Your answer must be the full set of records, copied exactly, with no pictures in it.

Data excerpts
════════════════════

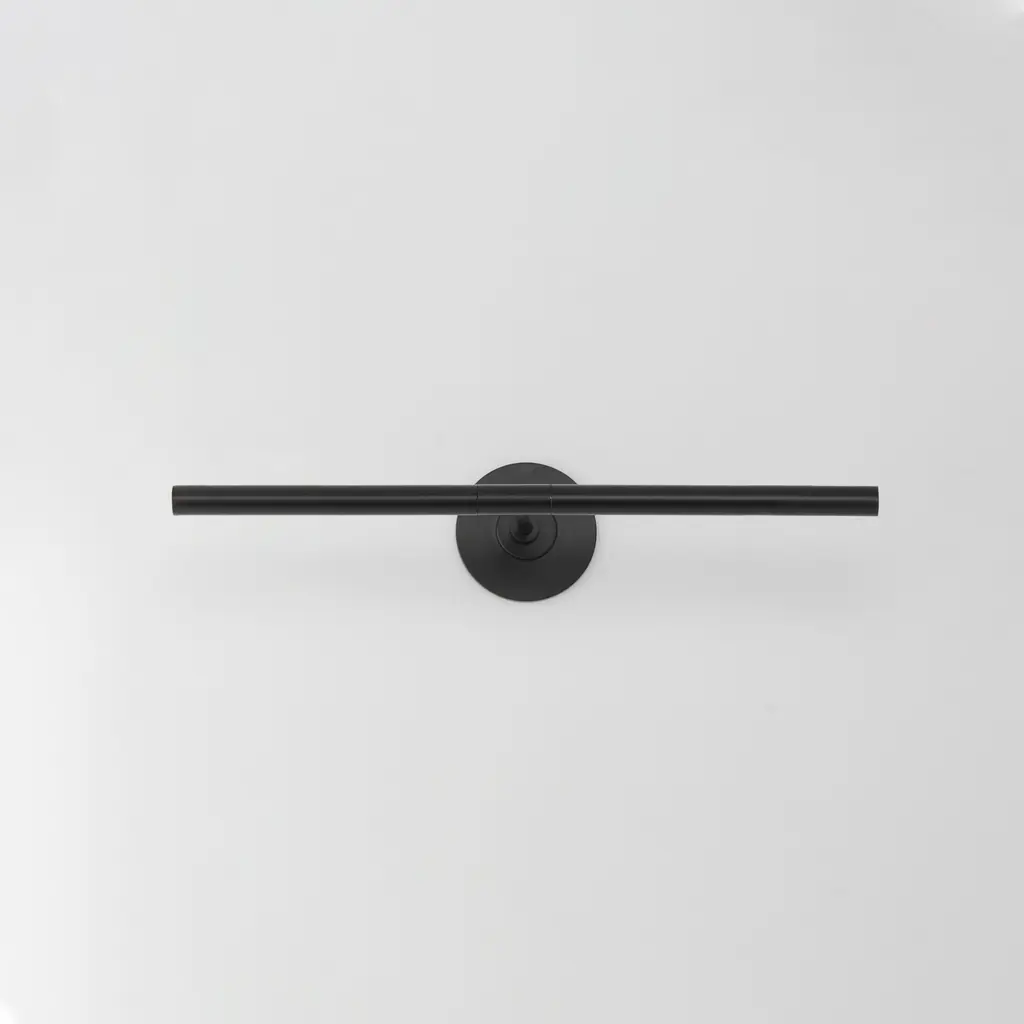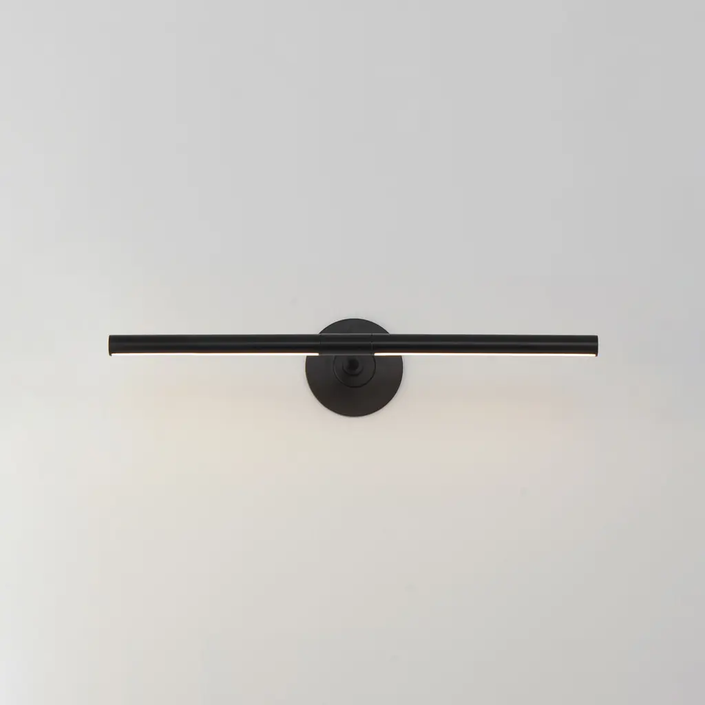 A bold and timeless sconce, Dorian features a sleek, square block support with two cylinder LED tubes that extend horizontally. These tubes rotate individually to position the LED light. The collection features linear and vertical pendant configurations with slender profiles. The elongated vertical pendants are perfect to light lofty spaces. Individual segments rotate to direct the light along areas such as stairwells and can highlight artwork and collectible displayed at taller heights. The wall-mounted sconces offer similar features with additional streamlined back plate designs that mounts to either a single gang junction box or common 3-0 or 4-0 boxes with cover plate included. The sconces work well as portrait lighting, integrated into shelving, or above bath vanities. Two options for extension including one that extends less than four inches for ADA compliance. Available in Matte Black, Polished Chrome, and plated Gold, this collection is a subtle, handsome design with timeless appeal.
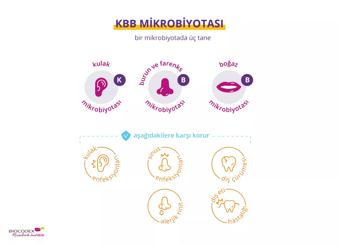 KBB (kulak, burun, boğaz) mikrobiyotası üç farklı bakteri florasından oluşur: ağız mikrobiyotası, kulak (oriküler) mikrobiyotası ve nazofaringeal mikrobiyota.
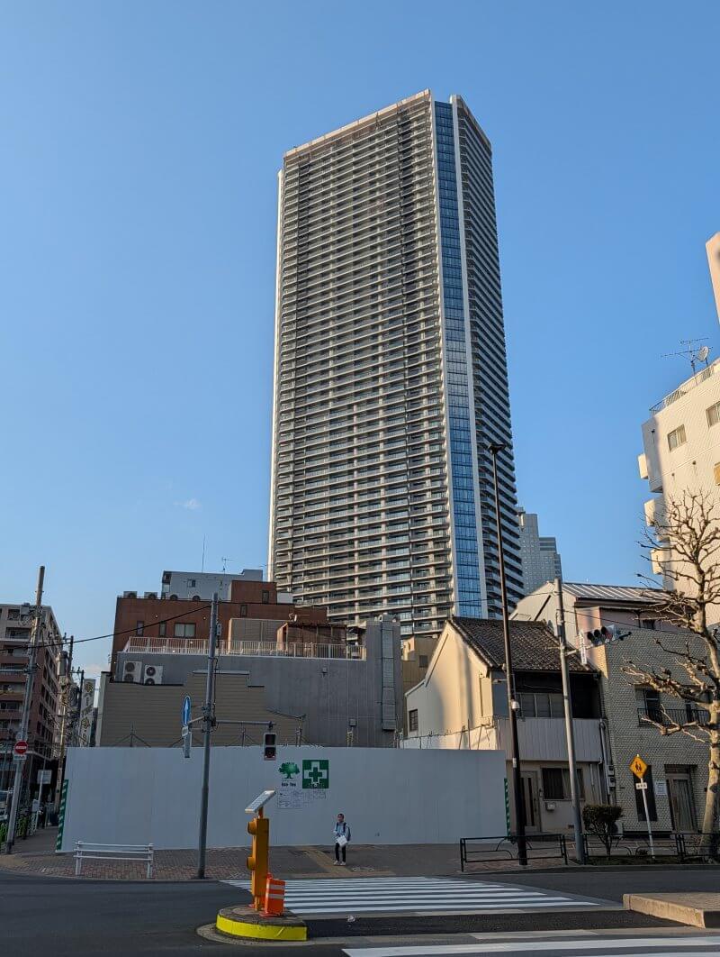 西仲通り(月島もんじゃストリート)側に移動して、建物低層階を見た様子です。
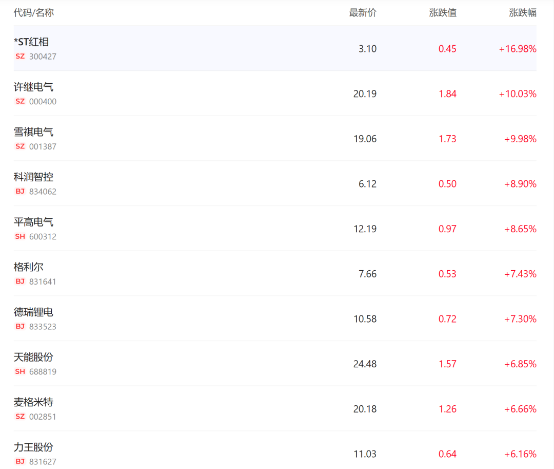 电气设备股早间也触底反弹,板块指数一度涨逾2%,许继电气、协鑫集成等涨停或涨超10%。细分光伏、风电、智能电网等板块也表现活跃,大族激光、电投产融等强势涨停。
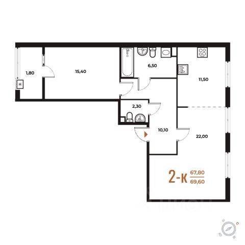 Продаётся 2-комнатная квартира в строящемся доме (Корпус 1), срок сдачи: I-кв. 2026, общей площадью 69.6 кв.м., на 2 этаже. Комплекс отдельно стоящих жилых корпусов с нежилыми помещениями и подземной автостоянкой.
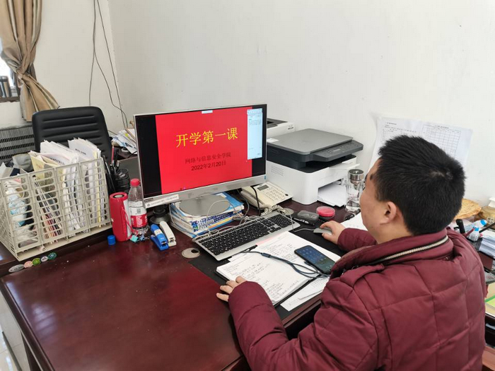 网络与信息安全学院党总支副书记付园上了就网信学院开学及疫情防控工作进行再部署、再落实。针对开学的线上教学,转专业,防诈骗等方面的工作进行提醒,确保校园教学秩序正常稳定运行�
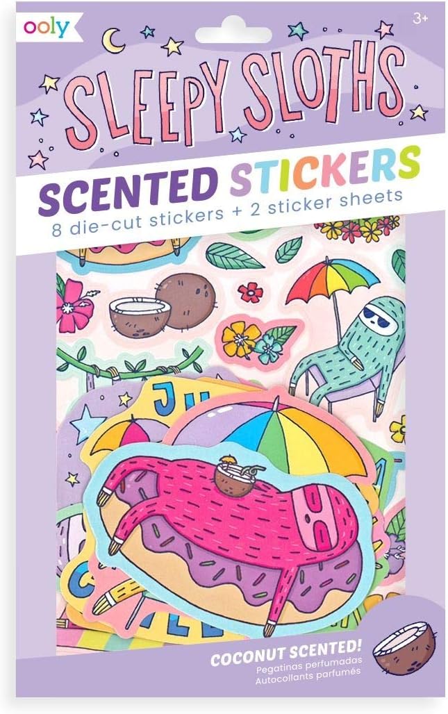 Sweeten up your notes with scented sleepy sloth stickers. The Sleepy Sloths Scented stickers are here to inspire you with their cool and chillaxed style. Coconut scented scratch stickers
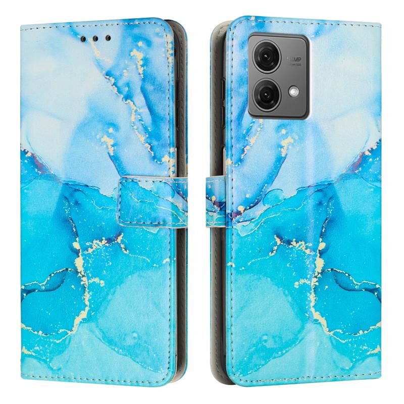 Θήκη τηλεφώνου δερμάτινη με σχέδιο μαρμάρου για Motorola Moto G84 (Μπλε Πράσινο)
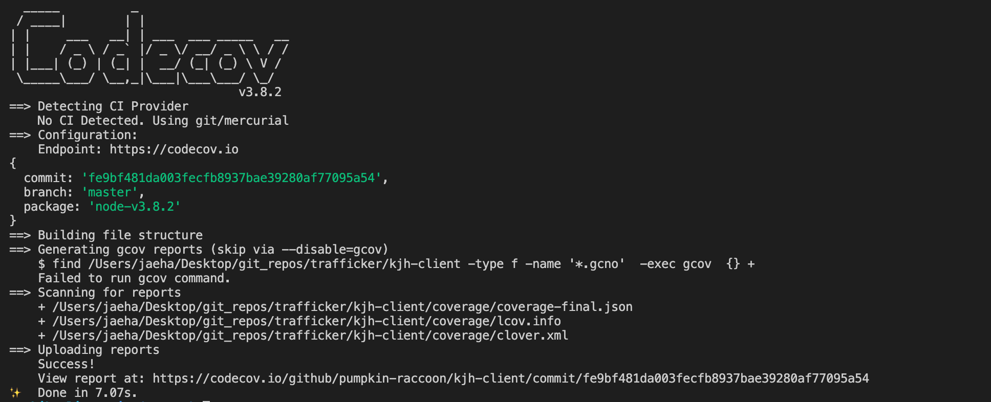 그럼 jest가 돌고나서 codecov가 도는 것을 확인할 수 있을 것입니다.

════════════════════

Output of the task =>
 A bold and timeless sconce, Dorian features a sleek, square block support with two cylinder LED tubes that extend horizontally. These tubes rotate individually to position the LED light. The collection features linear and vertical pendant configurations with slender profiles. The elongated vertical pendants are perfect to light lofty spaces. Individual segments rotate to direct the light along areas such as stairwells and can highlight artwork and collectible displayed at taller heights. The wall-mounted sconces offer similar features with additional streamlined back plate designs that mounts to either a single gang junction box or common 3-0 or 4-0 boxes with cover plate included. The sconces work well as portrait lighting, integrated into shelving, or above bath vanities. Two options for extension including one that extends less than four inches for ADA compliance. Available in Matte Black, Polished Chrome, and plated Gold, this collection is a subtle, handsome design with timeless appeal.
 KBB (kulak, burun, boğaz) mikrobiyotası üç farklı bakteri florasından oluşur: ağız mikrobiyotası, kulak (oriküler) mikrobiyotası ve nazofaringeal mikrobiyota.
 西仲通り(月島もんじゃストリート)側に移動して、建物低層階を見た様子です。
 电气设备股早间也触底反弹,板块指数一度涨逾2%,许继电气、协鑫集成等涨停或涨超10%。细分光伏、风电、智能电网等板块也表现活跃,大族激光、电投产融等强势涨停。
 Продаётся 2-комнатная квартира в строящемся доме (Корпус 1), срок сдачи: I-кв. 2026, общей площадью 69.6 кв.м., на 2 этаже. Комплекс отдельно стоящих жилых корпусов с нежилыми помещениями и подземной автостоянкой.
 网络与信息安全学院党总支副书记付园上了就网信学院开学及疫情防控工作进行再部署、再落实。针对开学的线上教学,转专业,防诈骗等方面的工作进行提醒,确保校园教学秩序正常稳定运行�
 Sweeten up your notes with scented sleepy sloth stickers. The Sleepy Sloths Scented stickers are here to inspire you with their cool and chillaxed style. Coconut scented scratch stickers
 Θήκη τηλεφώνου δερμάτινη με σχέδιο μαρμάρου για Motorola Moto G84 (Μπλε Πράσινο)
 그럼 jest가 돌고나서 codecov가 도는 것을 확인할 수 있을 것입니다.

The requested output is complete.